Without a howya-doin', Raoul tells Anne that she's suddenly an ex-employee - just like that, to her understandable gobsmacked shock. Oh, and he needs her to vacate her suite by the following morning, please.
Commentary: Jeezus. Just gotta follow the Brody playbook beat by beat, huh? Will Anne being buying a gun and some cyanide laced bullets, next?
I mean, this was even more clumsy than usual without any lead-in whatsoever, since we haven't seen any indication that Anne and Raoul had any conversations at all about dead ex-guest. I'd like to feel sorry for Ted Richert's being stuck with a stupid and crappily written character, but he's gotten a paid working holiday in the Caribbean, so fuck dat.
Scene 42: Back with Tyler in his own room, he makes an urgent phone call. We find out that Tyler wasn't just on a vacation to the resort, but was keeping an eye out for roving mutant piranha because Dah-dah-DAAAHHH -- he's in the know about the entire thing!
Oh Smirky McHotass, how could you?!
[And wait. Why did you leave a wreck with roving mutant piranha just offshore of a busy resort if you were worried that this could become a thing??!! WHAT SORT OF STUPID ASSES DO YOU WORK FOR TYLER?!]
Tyler broaches the idea of using Anne to blow the whistle on the killer fish to protect "their" involvement, and tells mystery-called that he's heading out to catch a sample.
Commentary: OH. This is a really stupid scripting decision. It makes absolutely zero sense that Smirky was paid to just hang out on the beach in case escaped mutant killer fish happened to make an appearance, but y'know... wasn't actually out there suspiciously trying to find any evidence of escaped mutant killer fish.
I WANT THAT JOB!!
Scene 43: Anne stands on the beach with a chill, despite the hot sun, gazing out at all of the activities happening in the bay.
Insert shot of wreck-POV.
Then Anne has taken the Club Elysium diving boat out into the bay to the dive site. She loads up a spear gun and goes to find herself a suspected killer fish.
Swim, Anne, swim.
Anne swims. Swimming Anne. Anne makes her way down to the wreck and spotlights inward. And SHOCK! (no really, I wasn't expecting it to be this easy) The piranha's are RIGHT THERE, eating some leftovers. One of our aggressive fish dashes straight at Anne! It only goes for her fin, thankfully and she's able to back away.

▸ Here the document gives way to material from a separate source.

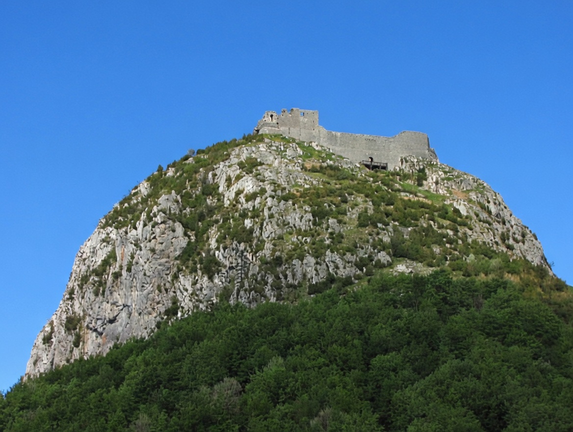 Sur un piton rocheux à mille deux cents mètres d'altitude, dans l'Ariège, une forteresse en ruine surplombe un champ qu'on appelle encore aujourd'hui le Champ des Brûlés.

As she turns to surface, she runs right into Smirky McHotass who follows her up.
Scene 44: Anne is too excited by her find to question why Tyler is out there at all, and rushes to grab her camera, telly Smirky that she doesn't think they like the light, so she wants to get photos before it gets dark. (Smart woman.)
Smirky McHotass tries to dissuade Anne from returning. Smirky tells Anne that four canisters of mutant piranha eggs sank aboard the Fitzgerald, and looks abashed as Anne wonders who he'd know that.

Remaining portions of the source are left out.